Sometimes you have to maintain a long-lived fork of an external Git repository. For me, this happens for example with various TextMate bundles where I want to keep my local modifications, but still want to get all the features and bug fixes that are being implemented upstream, too.

So you frequently merge upstream into your fork, and over time it gets harder and harder to keep track of the exact changes you made to the fork. Fortunately, there are some Git tricks to make things easier.

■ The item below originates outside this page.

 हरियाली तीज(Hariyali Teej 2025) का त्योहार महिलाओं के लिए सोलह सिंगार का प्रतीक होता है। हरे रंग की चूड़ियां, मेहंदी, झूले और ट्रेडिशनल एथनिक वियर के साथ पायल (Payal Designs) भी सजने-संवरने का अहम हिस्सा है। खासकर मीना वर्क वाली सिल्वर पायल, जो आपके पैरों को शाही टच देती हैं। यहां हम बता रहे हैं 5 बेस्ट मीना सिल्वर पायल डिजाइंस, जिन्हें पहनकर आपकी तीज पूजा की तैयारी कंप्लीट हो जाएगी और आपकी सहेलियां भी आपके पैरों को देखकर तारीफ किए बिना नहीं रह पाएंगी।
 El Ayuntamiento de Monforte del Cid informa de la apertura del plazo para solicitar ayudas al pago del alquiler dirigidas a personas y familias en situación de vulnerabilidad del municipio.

Listing Commits That Exist in the Fork Only

First of all, you can use git log upstream/master..master to limit the log output to commits that exist in the fork only. (Technically, Git interprets a revision range in the form of A..B as “all the commits that are reachable from B, but not from A”):

$ git log upstream/master..master
dc7741c (HEAD -> master) Merge remote-tracking branch 'upstream/master' <Stefan Daschek> (5 months ago)

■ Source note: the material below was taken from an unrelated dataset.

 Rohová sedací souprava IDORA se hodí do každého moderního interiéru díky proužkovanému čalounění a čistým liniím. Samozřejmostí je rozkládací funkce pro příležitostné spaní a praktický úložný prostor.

da81927 Merge remote-tracking branch 'upstream/master' <Stefan Daschek> (9 months ago)
097c858 Merge remote-tracking branch 'upstream/master' <Stefan Daschek> (10 months ago)
ff2ba96 Merge remote-tracking branch 'upstream/master' <Stefan Daschek> (11 months ago)

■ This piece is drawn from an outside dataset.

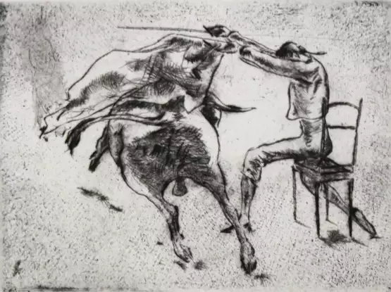 Aus der Folge von 31 Radierungen "Tauromachie". - Jwls. Ex. 39/100. - Ein Matador im Begriffe, den Stier im Sitzen zu töten, Übergeben der Banderillos, Ovation. - Äußere Ränder schmal lichtrandig.

1181de3 Merge remote-tracking branch 'upstream/master' <Stefan Daschek> (1 year, 2 months ago)
20f285d Merge remote-tracking branch 'upstream/master' <Stefan Daschek> (1 year, 3 months ago)
6040ebf Merge remote-tracking branch 'upstream/master' <Stefan Daschek> (1 year, 9 months ago)
de1ac2b Merge remote-tracking branch 'upstream/master' <Stefan Daschek> (1 year, 9 months ago)
983c9f1 Reset “encoding” snippet to upstream. <Stefan Daschek> (1 year, 11 months ago)
fbefd7f Merge remote-tracking branch 'upstream/master' <Stefan Daschek> (1 year, 11 months ago)
45799ef Merge remote-tracking branch 'upstream/master' <Stefan Daschek> (2 years, 1 month ago)
94f0ec8 Merge remote-tracking branch 'upstream/master' <Stefan Daschek> (2 years, 2 months ago)
9a05d0a Merge remote-tracking branch 'upstream/master' <Stefan Daschek> (2 years, 4 months ago)
85f15be Merge remote-tracking branch 'upstream/master' <Stefan Daschek> (2 years, 5 months ago)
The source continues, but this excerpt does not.